## PROBLEM REQUIREMENTS
Reproduce only this stretch of the listing below: from the line with "会員らは「この時期だからこそ" through the line with "两人的情侣款也是超多,想秀恩爱的心藏都藏不住。 同款鞋子。", exactly as written, with pictures excluded.

## SOURCE MATERIAL
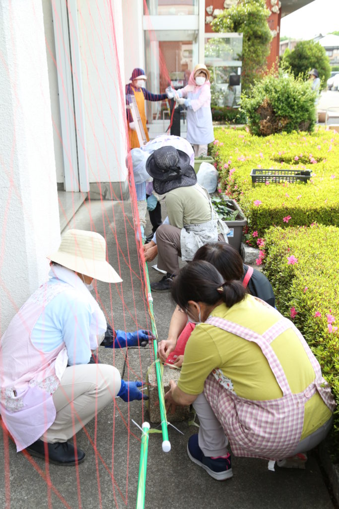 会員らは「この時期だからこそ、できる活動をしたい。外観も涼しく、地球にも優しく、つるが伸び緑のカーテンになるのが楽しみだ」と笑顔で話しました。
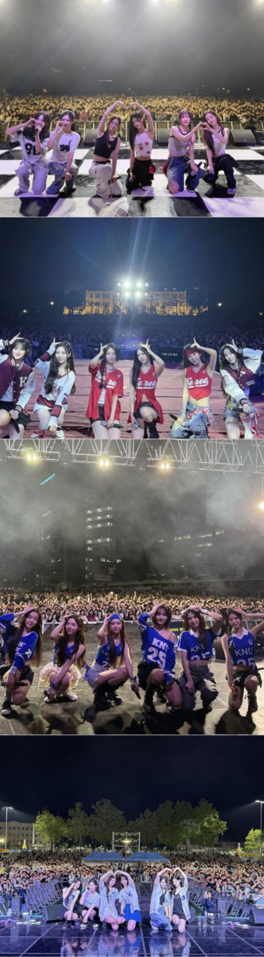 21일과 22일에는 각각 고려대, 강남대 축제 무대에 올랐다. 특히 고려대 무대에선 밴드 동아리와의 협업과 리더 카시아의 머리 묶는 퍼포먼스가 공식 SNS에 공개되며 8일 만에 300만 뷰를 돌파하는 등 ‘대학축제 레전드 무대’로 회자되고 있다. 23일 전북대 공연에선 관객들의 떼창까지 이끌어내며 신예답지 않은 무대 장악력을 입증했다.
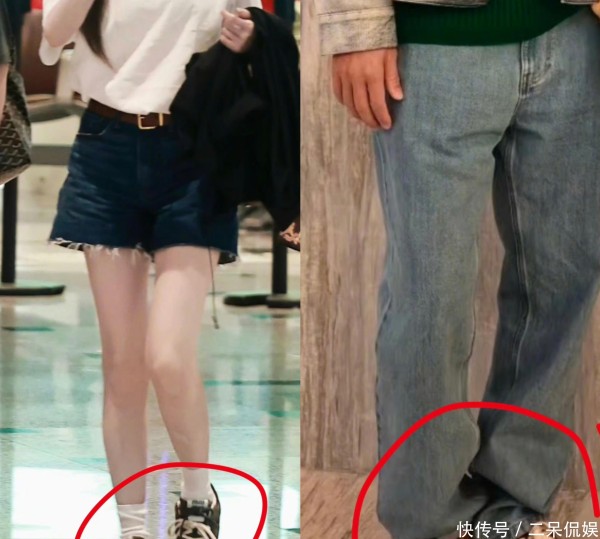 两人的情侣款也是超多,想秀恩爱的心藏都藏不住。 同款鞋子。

* * *

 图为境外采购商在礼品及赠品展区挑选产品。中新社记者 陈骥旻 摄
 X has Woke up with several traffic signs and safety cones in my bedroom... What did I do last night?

==

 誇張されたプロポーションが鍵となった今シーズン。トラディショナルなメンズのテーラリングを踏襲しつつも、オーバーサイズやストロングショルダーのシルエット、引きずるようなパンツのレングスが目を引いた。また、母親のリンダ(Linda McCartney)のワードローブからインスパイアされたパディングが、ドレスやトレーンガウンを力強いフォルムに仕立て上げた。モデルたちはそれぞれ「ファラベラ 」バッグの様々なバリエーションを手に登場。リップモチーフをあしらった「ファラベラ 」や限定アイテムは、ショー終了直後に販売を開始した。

## EXERCISE OUTPUT
 会員らは「この時期だからこそ、できる活動をしたい。外観も涼しく、地球にも優しく、つるが伸び緑のカーテンになるのが楽しみだ」と笑顔で話しました。
 21일과 22일에는 각각 고려대, 강남대 축제 무대에 올랐다. 특히 고려대 무대에선 밴드 동아리와의 협업과 리더 카시아의 머리 묶는 퍼포먼스가 공식 SNS에 공개되며 8일 만에 300만 뷰를 돌파하는 등 ‘대학축제 레전드 무대’로 회자되고 있다. 23일 전북대 공연에선 관객들의 떼창까지 이끌어내며 신예답지 않은 무대 장악력을 입증했다.
 两人的情侣款也是超多,想秀恩爱的心藏都藏不住。 同款鞋子。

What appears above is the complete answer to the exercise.